From September 7 to 23 at the Galerie Marguerite Milin, in Paris's 3rd arrondissement, these works by visual artists Naji Kamouche and Camille Sart will echo those of a dozen other artists, created on a rare, even unprecedented theme in contemporary art:
child sexual abuse.
The exhibition is called "Qui ne dit mot..." in reference to the adage "Qui ne dit mot consent" ("Silence Means Consent") and it is subtitled "Une Victoire contre le Silence" ("A Victory Over Silence"). The word "victory" is not too strong: The contemporary art curator behind the project, Marie Deparis-Yafil, had to endure eight years of rejections from dozens of galleries and museums before finally succeeding in putting it together.
A renowned curator with over 40 exhibitions to her credit, Deparis-Yafil – who has been in charge of the Shoah Memorial for the past two years – criticized the art world's "hypocrisy." "All the institutions claim to be at the cutting edge of commitment, increasing the number of exhibitions on difficult themes such as violence against women, racism, war... But nobody wants to talk about incest." And yet, she said, she had "no trouble" finding many works "that are in a symbolic register, embodying the context or suffering – certainly not the acts themselves or child pornography."
The only work to assume a head-on stance is an image by Cuban photographer Erik Ravelo Suarez, former director of Fabrica, the art center of clothing brand Benetton in Treviso, Italy. Taken from his series "The Untouchables" (2013), it depicts a little boy crucified on the back of a priest. The photograph has already made the rounds the world over, but only in the press and on social media. "Pedophilia in the church has scared off galleries and museums," said the artist. "The paradox is that I've never had so many positive reactions to a work, from people who recognized their suffering in it."

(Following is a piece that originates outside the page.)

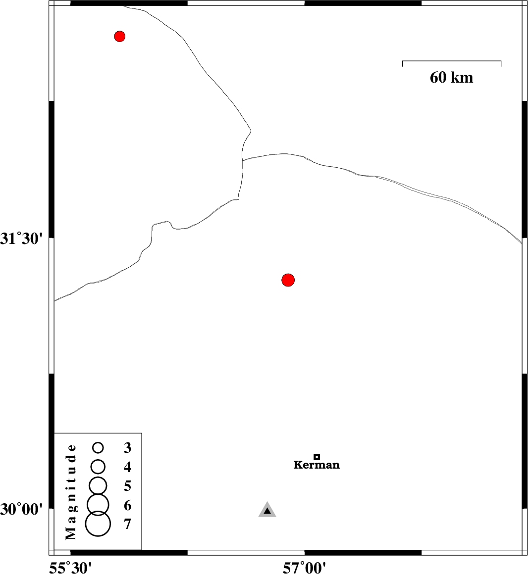 | 2021/04/12 | 08:44:55.0 | 13:14:55.0 | 31.268 | 56.894 | 12 | ML:3.6 | Kerman Province, 8 km of Ravar | ||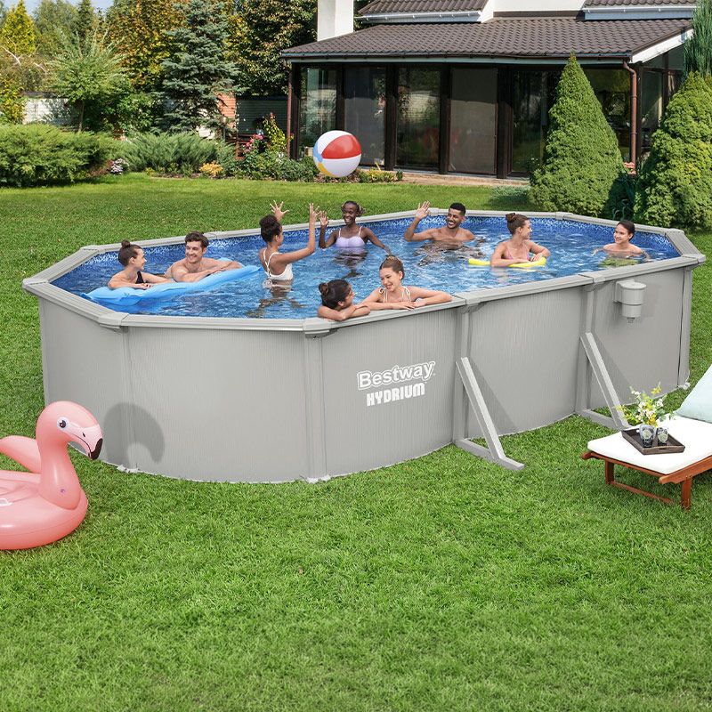 La piscine ovale avec paroi acier Bestway Hydrium 365 est déclinée dans cette dimension populaire de 6.10 x 3.66m. Robuste, elle est dotée de jambes de forces latérales et d'une paroi en acier renforcé contre la rouille et la corrosion, qui permettent de profiter d'une véritable piscine hors-sol 4 saisons que vous n'aurez pas besoin de démonter à la fin de chaque été. C'est l'un des meilleurs rapports qualité prix du marché sur ce segment, et c'est une piscine conçue pour durer.

Gallery owner Marguerite Milin said she "didn't hesitate" when Deparis-Yafil presented her project to her a year ago. What convinced her was "the massive scale of this violence," she said, citing figures of one child victim in 10. "We're all impacted. Like everyone else, I know victims. I think the rejections Marie received are linked to how sadly common this is. There's the fear of bringing out secrets buried in families."